And by selling good businesses, he’s lowering the value of the enterprise, say analysts.

Struggling Biyani to sell Big Bazaar in next move?

Debt-cornered Future Group founder Kishore Biyani is expected to make more restructuring announcements in the coming weeks.

After selling controlling stake in the fashion format Pantaloons, Big Bazaar may be handed over next, sources familiar with the developments said.

Future Value Retail may next demerge Big Bazaar, Food Bazaar and KB’s Fair Price from the holding company Pantaloon Retail (India) Ltd to generate cash to pay its mountain of debt.

The retailer is also near announcing stake sale in listed subsidiary Future Capital Holdings.

It may also be looking to offload stake in some joint ventures or businesses under listed entity Future Ventures Ltd, another person said.

Last week, Pantaloon Retail decided to demerge fashion format Pantaloons from the flagship company and sell a controlling stake to Aditya Birla Nuvo in the demerged entity.

On Thursday, the company announced it will change its name to Future Retail India Ltd.
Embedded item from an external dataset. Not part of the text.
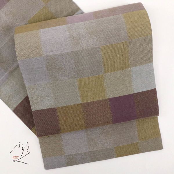 - 【袋帯】 かすれ格子タイルチェック 紫葡萄鼠グレー多色 正絹 着物 FP12-2

Over the last two years, Biyani had hived off Big Bazaar, Food Bazaar and KB’s Fair Price into a separate company,

Future Value Retail to unlock value, and an IPO was at that time an option being weighed.

Biyani had foreseen the need to demerge and align his businesses three years ago under two companies - one for fashion and another in retail and logistics. He had also proposed changing holding company’s name Pantaloon Retail to Future Market & Consumer Group Ltd.

With foreign direct investment (FDI) in multi-brand retail taking longer than anticipated and the options at hand few, Biyani is being forced to look at alternatives to reduce debt, a senior official of a corporate advisory firm said.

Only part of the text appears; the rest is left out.